Die Kirche müsse Familien auch in schwierigen Situationen begleiten, schreibt er. "Niemand darf auf ewig verurteilt werden", mahnt Franziskus mit Blick auf Gläubige, deren Leben katholischen Normen nicht oder nicht mehr entspricht. Geschiedene und wiederverheiratete Geschiedene müssten in das kirchliche Leben einbezogen werden. Im Umgang mit Geschiedenen müsse den Gewissensentscheidungen größerer Raum gegeben werden. Die Kirche müsse untersuchen, "welche der verschiedenen derzeit praktizierten Formen des Ausschlusses im liturgischen, pastoralen, erzieherischen und institutionellen Bereich überwunden werden können".

Stärkere Rolle der Ortskirchen

Auf das Thema Homosexualität geht Franziskus nur kurz ein. Grundsätzlich fordert Franziskus von der katholischen Kirche mehr Respekt vor der Gewissensentscheidung des Einzelnen in moralischen Fragen. Zudem sei stets eine sorgfältige Prüfung des Einzelfalls und eine Güterabwägung nötig. Zugleich stärkt der Papst die Rolle der Ortskirchen und der einzelnen Bischöfe. Er gesteht ihnen in dem Schreiben mehr Eigenständigkeit und Interpretationsspielraum in der Anwendung der kirchlichen Lehre zu.

Der Papst küsst während einer Audienz im Vatikan ein Baby (Foto: Reuters)
Der Papst küsst während einer Audienz im Vatikan ein BabyBild: Reuters

Franziskus sieht eine Einheit von Lehre und Praxis in der Kirche zwar als notwendig an. Das schließe jedoch keineswegs aus, dass "verschiedene Interpretationen" einzelner Aspekte der Lehre fortbestünden oder auch "einiger Schlussfolgerungen, die aus ihr gezogen werden".
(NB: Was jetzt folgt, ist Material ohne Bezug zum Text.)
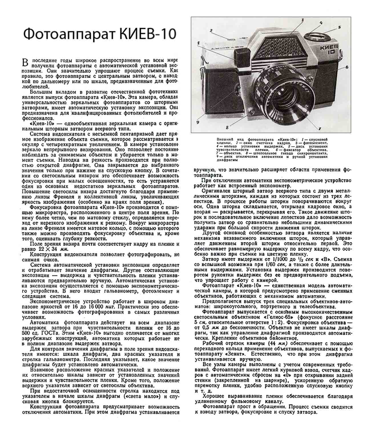 Фотоаппарат "Киев-10" выпускался с 1965 по 1974 годы Киевским заводом "Арсенал".

Ausführlich widmet sich der 79-Jährige auch Themen wie Leidenschaft, Zärtlichkeit und Erotik an, die bisher in der katholischen Kirche meist ausgespart wurden. "Wir dürfen die erotische Dimension der Liebe keineswegs als ein geduldetes Übel oder als eine Last verstehen, die zum Wohl der Familie toleriert werden muss, sondern müssen sie als Geschenk Gottes betrachten", betont Franziskus.

"Zwangseingriffe des Staates zugunsten von Verhütung, Sterilisation oder gar Abtreibung" lehnt er in dem Schreiben ab. Verantwortete Elternschaft bedeutet demnach jedoch auch, "die Kinderzahl aus genügend ernsten Gründen zu begrenzen".

Aus Sicht der deutschen Bischöfe hat das Schreiben weitreichende Konsequenzen für den Umgang mit wiederverheirateten Geschiedenen. Seelsorger müssten nun "in jedem einzelnen Fall die besondere Lebenssituation der Betroffenen" betrachten und könnten dann über eine Zulassung zur Kommunion entscheiden, teilte die Deutsche Bischofskonferenz (DBK) mit. "Nur im Blick auf die jeweilige Lebensgeschichte und Realität lässt sich gemeinsam mit den betroffenen Personen klären, ob und wie in ihrer Situation Schuld vorliegt, die einem Empfang der Eucharistie entgegensteht." Unterschrieben wurde die Erklärung vom DBK-Vorsitzenden Kardinal Reinhard Marx aus München, vom Berliner Erzbischof Heiner Koch und vom Osnabrücker Bischof Franz-Josef Bode. Sie hatten im vergangenen Herbst in Rom an der vorbereitenden Synode zum Thema Ehe und Familie teilgenommen.